Via Ferrata route in the Berg

30 Dec 2011 03:08 - 30 Dec 2011 04:11 #5186 by intrepid
So it finally happened: a Via Ferrata route has been opened in the Berg, between the Sentinel and the Chain Ladders. See the info here: topknot.co.za/viaferrata/index.html .

Stirs up mixed feelings. I'd much rather like to see our beloved Drakensberg remain unexploited and as wild as possible. Why do we feel like we need to add more to it than we already have? On the other hand, I understand not everybody sees it this way and that many actually support the idea of a safe climb with a short easy walk in. Being a climber myself I think I can understand the reasons that probably motivated the people to establish the route...still, it leaves me feeling sad. Doesn't feel right. Thats the bottom line for me.
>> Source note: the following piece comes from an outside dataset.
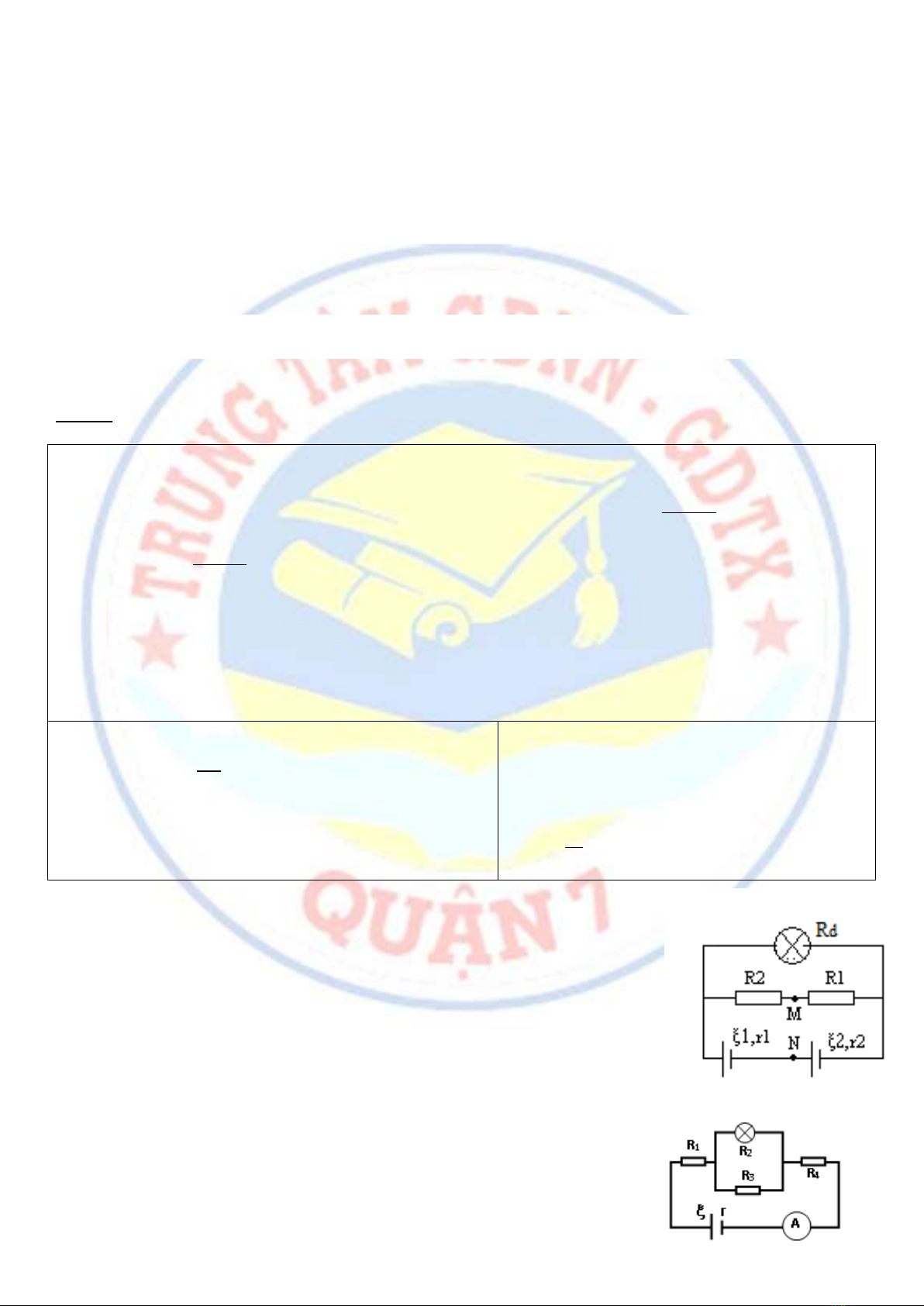 r1=1 Ω ,r2=2 Ω. Đèn Rd(6V-9W). Các điện trở R1=6 Ω, R2=12 Ω.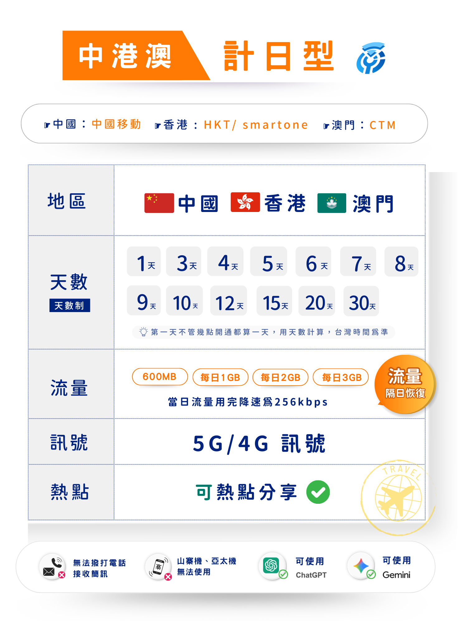 eSIM_揚奇中移動港澳(計日型)上網卡

I don't think we have seen the end of bolting or even of more Via Ferrata's in the area of the Berg. There already is a road and the Chain Ladders (which are already, in a way, a form of Via Ferrata). And its in a majestic part of the Berg. The problem is that the Free State side currently does not enjoy the protected status of a wilderness area and a world heritage site...and as long as thats the case, people will take the gap. If its going to be done, I guess keeping it limited to this area is the best solution anyway.

Take nothing but litter, leave nothing but a cleaner Drakensberg.
Last edit: 30 Dec 2011 04:11 by intrepid.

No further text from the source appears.